The Pirate Bay Sails To a New Home
the monolith writes "Back in August, the company supplying bandwidth to The Pirate Bay was forced to disconnect them. Quoting TorrentFreak: '"It took just 20 minutes before the Hollywood companies telephoned the new host who took over operation of The Pirate Bay," commented Patrik from the ISP which had been indirectly supplying bandwidth to TPB. Despite initially putting on a brave face and standing strong, Patrik's company continued to feel the heat. It is not a large outfit and doesn't have the resources to fight the entertainment industry and its threats. Last night, Patrik could hold off no longer after receiving mounting threats from the entertainment industries, which culminated in threats of a court summons. Having come this far, there is little doubt that IFPI and the MPAA would litigate if necessary. ... On the heels of several rumors today, Patrik said he could confirm news of the move, saying that he believes The Pirate Bay is now hosted in Ukraine.'"
The pirate bay will never die.
What happened to the article "Google purges Pirate Bay from search results?"
It's listed on the front page of Slashdot, but when I click the link, I can't get to it. I want to know what that is about, dang it.
they are invulnerable:
http://www.nytimes.com/2007/12/21/business/worldbusiness/21iht-wto.html
i mean of course its all bullshit. the concept of intellectual property makes no moral, financial, logical, or philosophical sense in the internet age. but i guess we have to wait a few years for the vanguard of ignorant dinosaurs to die off
intellectual property law is philosophically incoherent. it is your moral duty to ignore it or sabotage it
The industry will be satisfied when they gain the ability to monitor everyone's net connection for signs of "illicit filesharing activity." If you think I'm joking, watch the kind of legislation the entertainment lobbies put their weight behind.
512 MB RAM, 20 GB disk, 200 GB transfer, five datacenters. $19.95/month.
You need to dig a little deeper.
TPB has it's own provider independant IP addresses that can be moved around the world. The fact that a Swedish company operates them doesn't matter. Neither does the country part below, because that is not dependant on actual physical location.
inetnum: 194.71.107.0 - 194.71.107.255
netname: DCP-ANYCAST-DNS
descr: DCP-NEWORKS
country: SE
status: ASSIGNED PI
Before more and more people jump in with their stupid whois links domain->ip links saying "look, their ip is 194.71.107.15 and its in sweden"...
TPB is hosted on their owners own AS and ip block "DCPNetworks" which is one of the couple ones they have.

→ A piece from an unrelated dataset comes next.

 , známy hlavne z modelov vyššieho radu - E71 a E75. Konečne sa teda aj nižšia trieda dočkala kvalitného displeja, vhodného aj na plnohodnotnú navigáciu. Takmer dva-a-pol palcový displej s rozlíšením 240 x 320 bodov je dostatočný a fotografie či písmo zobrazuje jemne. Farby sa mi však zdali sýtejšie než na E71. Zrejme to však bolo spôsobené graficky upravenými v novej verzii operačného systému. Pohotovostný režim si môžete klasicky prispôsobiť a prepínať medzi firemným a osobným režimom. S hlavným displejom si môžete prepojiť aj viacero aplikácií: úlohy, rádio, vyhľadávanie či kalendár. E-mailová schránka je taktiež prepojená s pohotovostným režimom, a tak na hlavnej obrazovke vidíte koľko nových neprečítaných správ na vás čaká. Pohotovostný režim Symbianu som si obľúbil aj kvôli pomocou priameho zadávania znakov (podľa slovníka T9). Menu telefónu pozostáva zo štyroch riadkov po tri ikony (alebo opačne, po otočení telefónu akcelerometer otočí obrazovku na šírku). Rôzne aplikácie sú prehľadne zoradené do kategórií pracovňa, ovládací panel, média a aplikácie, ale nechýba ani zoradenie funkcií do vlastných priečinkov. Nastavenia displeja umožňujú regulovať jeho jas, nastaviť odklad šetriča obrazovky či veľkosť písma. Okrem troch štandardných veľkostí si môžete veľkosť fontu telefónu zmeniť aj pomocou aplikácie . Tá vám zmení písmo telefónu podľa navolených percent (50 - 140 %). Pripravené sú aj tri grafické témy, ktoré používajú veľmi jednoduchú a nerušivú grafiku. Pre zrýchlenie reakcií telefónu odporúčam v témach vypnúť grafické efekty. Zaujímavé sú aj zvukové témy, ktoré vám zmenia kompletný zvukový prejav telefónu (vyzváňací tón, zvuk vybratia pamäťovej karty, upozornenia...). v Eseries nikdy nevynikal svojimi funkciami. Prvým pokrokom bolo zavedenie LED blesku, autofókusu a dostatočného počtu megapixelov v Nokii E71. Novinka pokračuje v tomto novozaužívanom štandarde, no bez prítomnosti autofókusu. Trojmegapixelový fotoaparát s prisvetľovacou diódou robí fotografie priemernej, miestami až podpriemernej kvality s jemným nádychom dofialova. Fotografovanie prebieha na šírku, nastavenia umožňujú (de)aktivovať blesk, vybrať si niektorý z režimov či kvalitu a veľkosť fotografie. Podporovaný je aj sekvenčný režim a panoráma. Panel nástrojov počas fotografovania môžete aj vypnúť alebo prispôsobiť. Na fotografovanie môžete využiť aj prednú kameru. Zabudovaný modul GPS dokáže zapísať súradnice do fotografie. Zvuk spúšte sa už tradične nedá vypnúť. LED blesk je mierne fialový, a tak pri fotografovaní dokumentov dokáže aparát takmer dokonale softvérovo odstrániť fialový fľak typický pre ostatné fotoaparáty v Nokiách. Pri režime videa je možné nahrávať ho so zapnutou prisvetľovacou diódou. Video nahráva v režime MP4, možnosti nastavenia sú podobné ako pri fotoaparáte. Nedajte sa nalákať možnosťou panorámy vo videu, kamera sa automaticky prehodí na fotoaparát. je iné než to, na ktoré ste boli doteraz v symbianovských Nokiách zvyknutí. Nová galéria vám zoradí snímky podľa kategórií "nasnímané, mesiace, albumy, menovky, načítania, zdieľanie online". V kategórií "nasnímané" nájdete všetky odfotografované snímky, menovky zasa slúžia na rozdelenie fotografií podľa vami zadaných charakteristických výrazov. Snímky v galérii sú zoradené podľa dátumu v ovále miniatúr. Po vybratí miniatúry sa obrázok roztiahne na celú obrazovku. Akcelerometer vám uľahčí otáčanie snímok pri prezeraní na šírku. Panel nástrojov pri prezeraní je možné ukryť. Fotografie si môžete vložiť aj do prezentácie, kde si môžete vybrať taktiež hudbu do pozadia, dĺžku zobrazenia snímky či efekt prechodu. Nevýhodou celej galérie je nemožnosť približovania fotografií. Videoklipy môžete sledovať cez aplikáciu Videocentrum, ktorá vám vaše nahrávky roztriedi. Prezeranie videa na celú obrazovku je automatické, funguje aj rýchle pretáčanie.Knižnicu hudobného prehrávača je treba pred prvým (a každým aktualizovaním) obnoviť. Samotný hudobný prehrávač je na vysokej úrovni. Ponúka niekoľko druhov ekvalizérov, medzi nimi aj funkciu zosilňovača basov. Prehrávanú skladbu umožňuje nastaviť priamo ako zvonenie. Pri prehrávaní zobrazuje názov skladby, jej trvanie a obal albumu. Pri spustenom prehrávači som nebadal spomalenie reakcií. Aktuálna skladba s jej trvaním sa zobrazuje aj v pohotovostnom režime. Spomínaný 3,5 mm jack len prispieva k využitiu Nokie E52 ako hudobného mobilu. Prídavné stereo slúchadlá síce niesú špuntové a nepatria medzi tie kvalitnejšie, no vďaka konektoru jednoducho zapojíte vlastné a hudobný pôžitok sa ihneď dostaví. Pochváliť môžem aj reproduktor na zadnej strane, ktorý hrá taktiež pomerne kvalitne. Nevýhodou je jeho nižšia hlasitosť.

It's info is registered to be in Stockholm, Sweden, but its manual info given to RIPE. It doesn't mean its physically there. More so, it could had been there but moved elsewhere later. Lots of people seem to think these geolocations are some magical system to determine exactly where ip location is, but it's all based on manually typed in info when you register with RIPE or other registreries.
What you have to look at is their upstream providers. robtex shows still the old info too. More so, my own look up goes to amsterdam and leaseweb as their last upstream provider.

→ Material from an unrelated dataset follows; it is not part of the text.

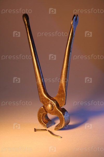 Металлические клещи в форме буквы V и сломанный гвоздь, концепция победы
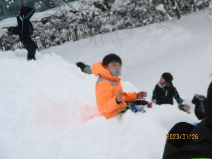 ソリやスコップといった道具がなくても子供たちは力を合わせ、雪あそびを楽しんでいました。

Actually this seems to be a fail over system of theirs. PatrikWeb, their only upstream besides DCS and SPACEDUMP, stopped providing bandwidth so their fail safe system kicked in and started providing bandwidth in Ukraine when one of their upstream providers stopped routing. They probably have more providers in place too to pick up quickly.
It's an intelligent system and not a surprise that those who haven't looked into BGP and routing more dont understand what's going on and just point out that the IP space is registered in sweden and dont see it can actually be located anywhere.